So, I finally watched Interstellar yesterday; after days of, literally, closing ears and eyes on every mention and reference of this word. It is difficult, not to know anything you usually want to know first-hand about. No one else to blame though; I should not leave the decision of ruining a movie or a book to others. That call should stay only with me after experiencing it. This post is about my experience of watching the movie I waited so long for.

Experience, yes. About the movie, no. There are too many intelligent posts already written about it. Reviewing it, explaining it. The plot, the science, everything. This is not a post where I intend to do any of that. This is post where I intend to jot down my thoughts of going through an extravagant experience like Interstellar in India. I want to do this especially given I was watching a movie after a break of more than a year & half. I wanted to see how technical advances have improved, if so, the overall movie going experience.


So here it goes.

  1. Experience of booking a movie has improved since I last did it. Apps have improved a lot. I was pleasantly surprised when the app supported adding the movie ticket to Passbook as an event entry pass. Nice effect and effort of customizing the app to the platform it runs on. Surprisingly, and sadly, not many try to do that.

  2. But using the said pass at the movie theatres is still not possible. I searched for the machine or the person to whom I could flash the pass and enter without a physical ticket. Not possible yet, at least not at all the movie theatres. You still have to collect a physical ticket, show it to a person who tears a part of it & hands over what remains as a proof of your approved presence. They do have a machine to collect the tickets though. However anyone, with the booking id, can print the ticket without any validation. He, then, can flash it further as a valid entry pass. Plus it’s heading read Booked by Internet”. Sigh.
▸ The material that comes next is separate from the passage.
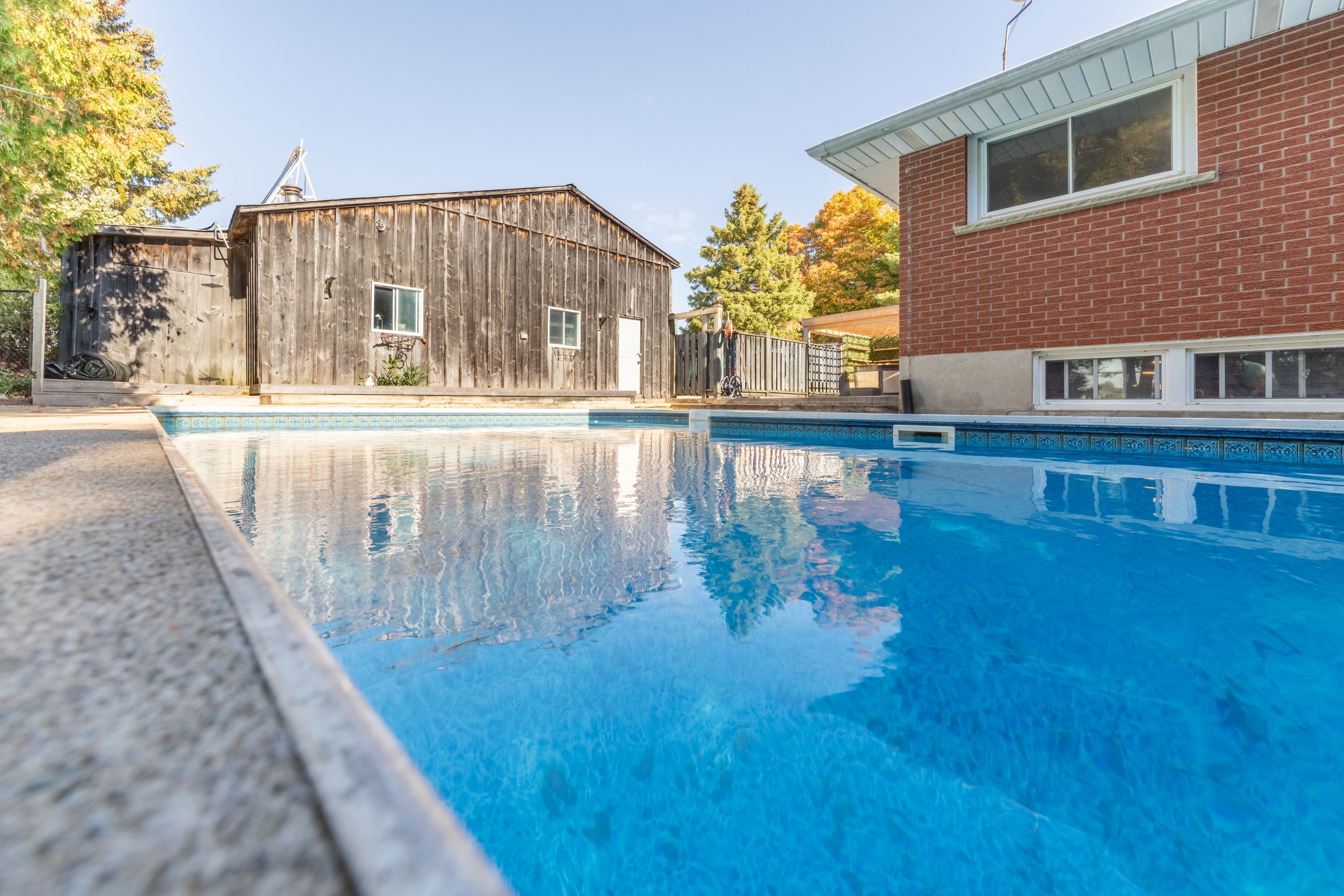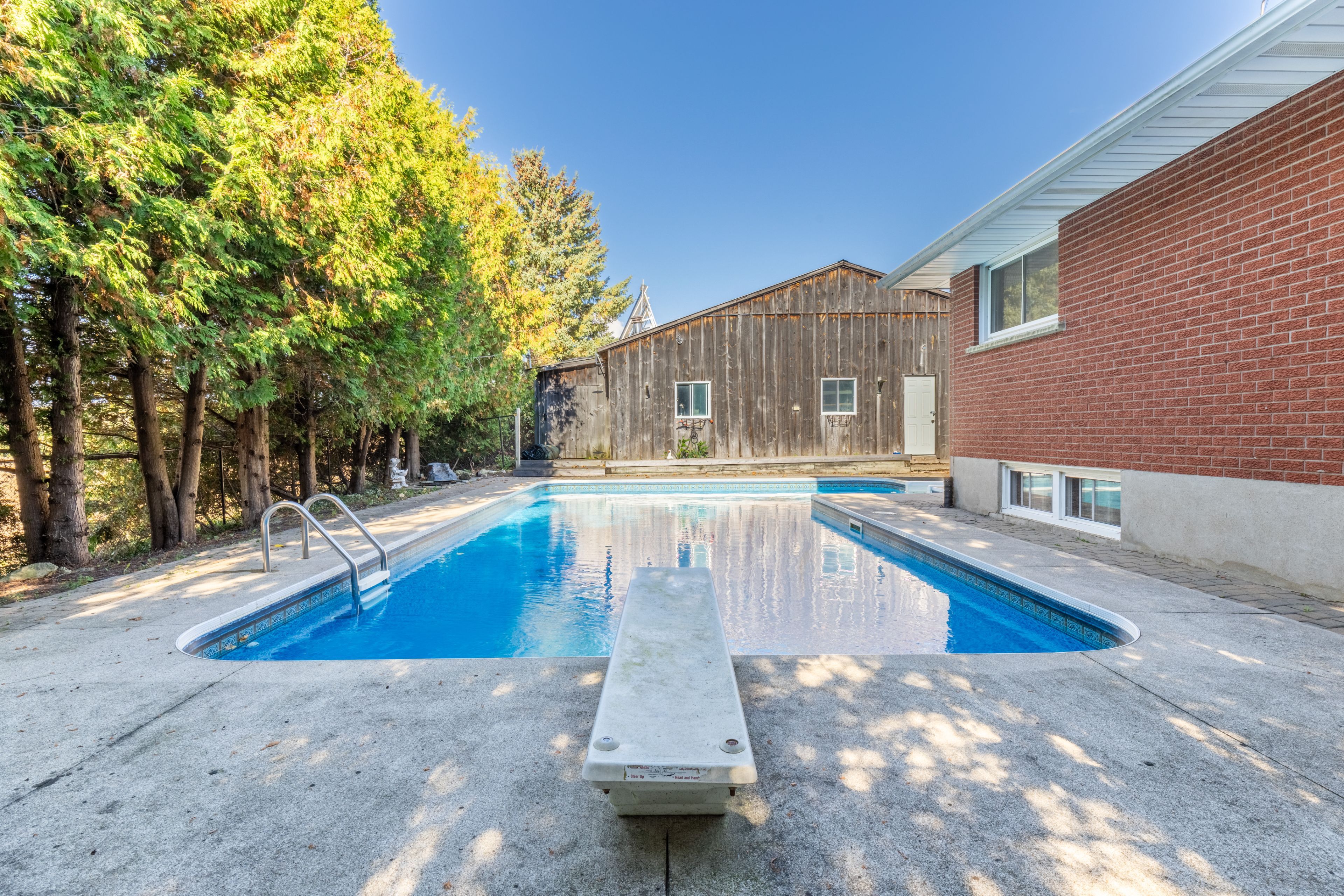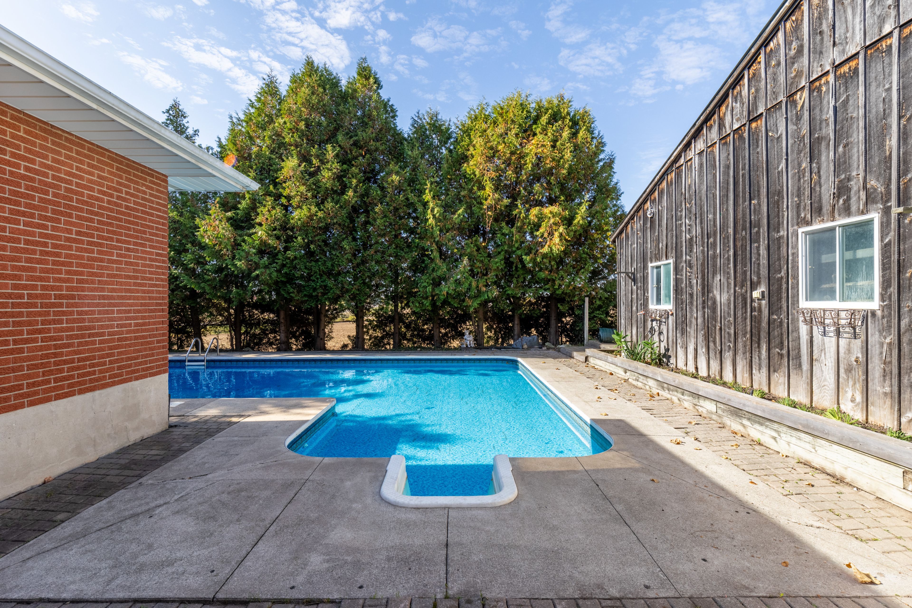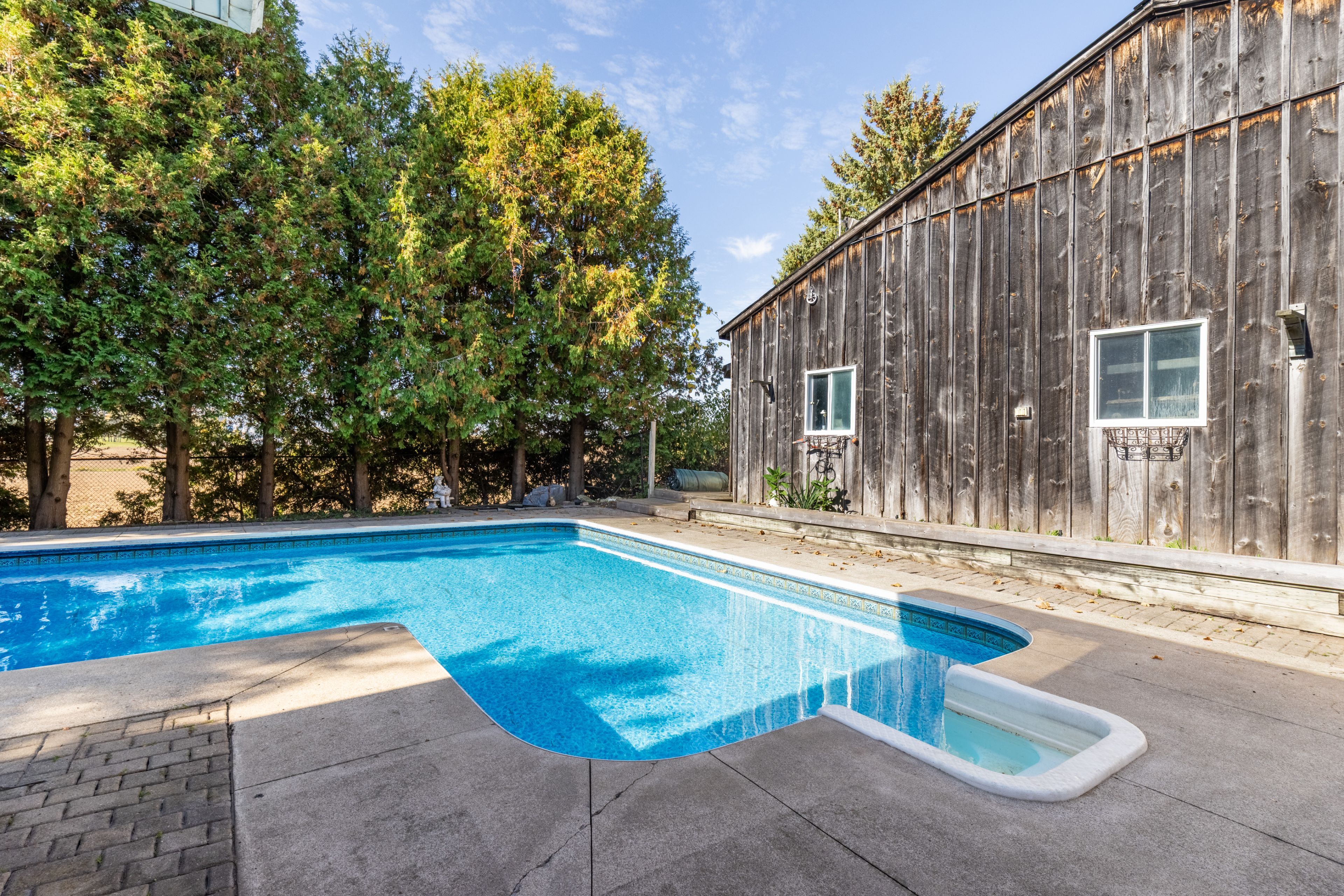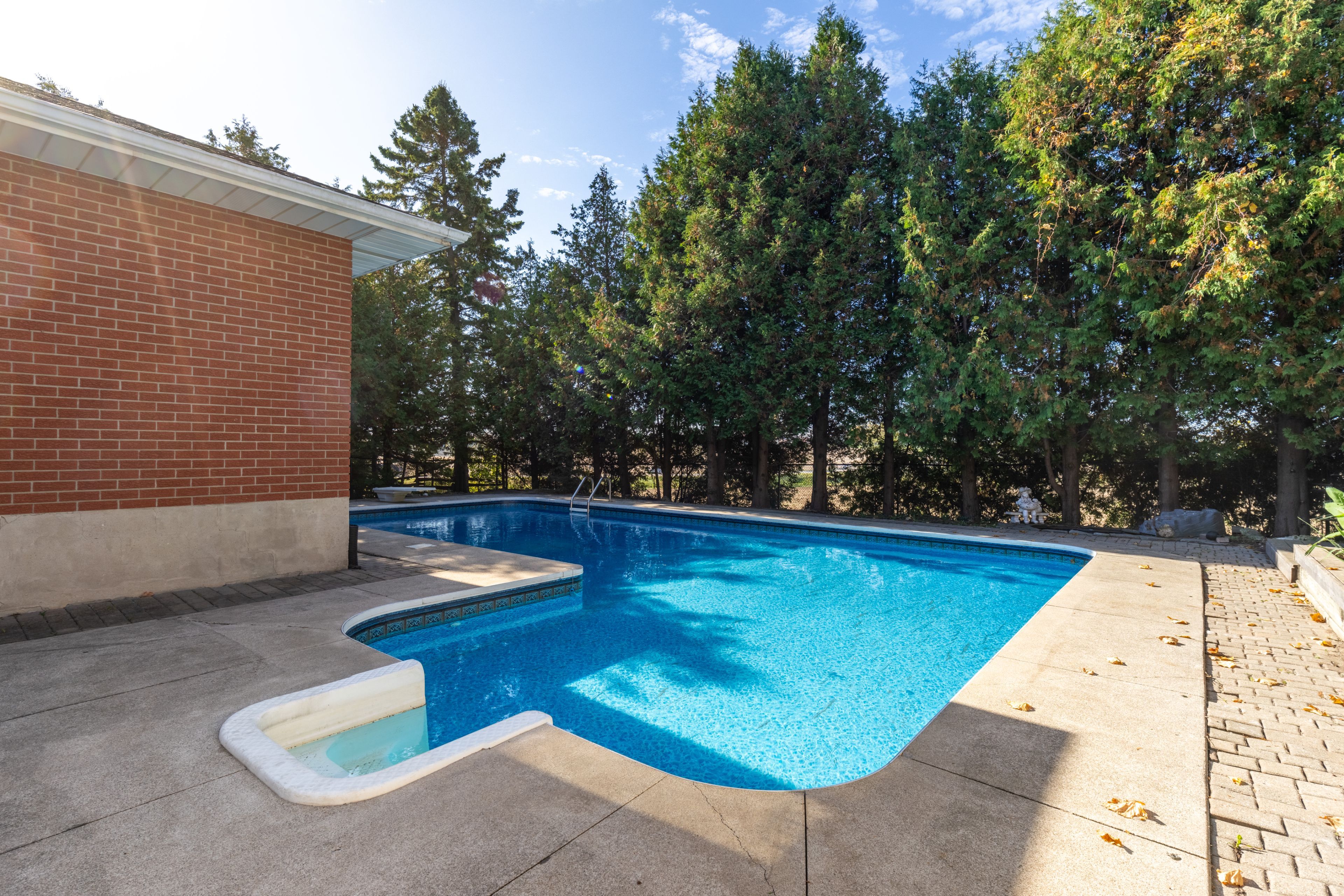 • Inviting in-ground pool with decorative concrete patio for summer fun.

  3. Multiplexes continue to ruin the theatre experience in India. The aim to maximize the earnings out of the small retail spaces is punishing the viewers. Each Screen” has a maximum of 8-10 rows, with each sitting 15-20 folks. That limited is a Screen. In such small spaces, we have 3 tiers of convenience, Silver, Gold and Platinum. Like a regular middle class person, I selected the middle-tier. Surprisingly, the distribution is as any corporate evaluates its employees’ performance. 10% are awesome. 10% suck. All others are regular blokes who are just okiesh. Same was the case here; 1 row of platinum folks and 1 row of silver. In between the 8 rows of fools. Platinum folks sat with their necks held high, not because they paid more. But because they could hardly see what rolled on the screen without doing so. Then I do clearly recall a silver” person turning around and laughing at the golden” dummy sitting behind; pointing at his silliness to have paid more. Sigh.

  4. Because Screen”, the hall, is so small, the actual screen itself is made small. And so very close to the eyes. To be frank, except for the darkness and the silver bloke pointing & laughing at the dummy goldie, this was not that much a different experience than sitting a foot from my LED television at home. Interstellar deserved better. Multiplex are to know that. Sigh.

  5. Every movie is to have an intermission. After all , we believe in giving businesses to many. If there’s no intermission, how are the samosa, pop-corn walas to get their earnings? So a movie is abruptly stopped. Usually I feel every Hollywood movie-maker is aware of this fact; so I could find a logical break being put in every movie. But I think the person who is handed this responsibility uses it to break when he has to pee the most. Be it, then, at the most inopportune place, in middle of some secret revealing dialog. Who cares; he has pee to handle.

  6. People still chatter during the movie. That is after they have settled into their chairs after arriving late. Especially when in a group during a Hollywood flick. More so if the said group is all guys surrounded by another group of girls. Some smarty has to show off his knowledge or crack a foolish, unrelated joke. Happens.Every.Single.Time. I literally watched half the movie with my left ear closed to avoid one such Einstein explaining every single scene that unfolded on the screen.

  7. And then the usualities’. National anthem is still played, with half standing in respect and others poking there noses around. Head-shadows of late comers are still seen. Mobiles are still not on silent mode. Samosas and pop-corns are still money-wise costly and taste-wise cheap. Torch-bearers still enlighten the lost and side-tracked, searching for the seats. Sigh!


Anyway, Interstellar was a great movie; it deserves a better treatment than is accorded. Wish I had chosen a single screen theatre, booked a balcony ticket after standing hours in queue and experienced this marvel on a huge screen listening only to the whistle, and not chatter. Or else simply stayed home, catching it on my LED television. A foot away. Sigh!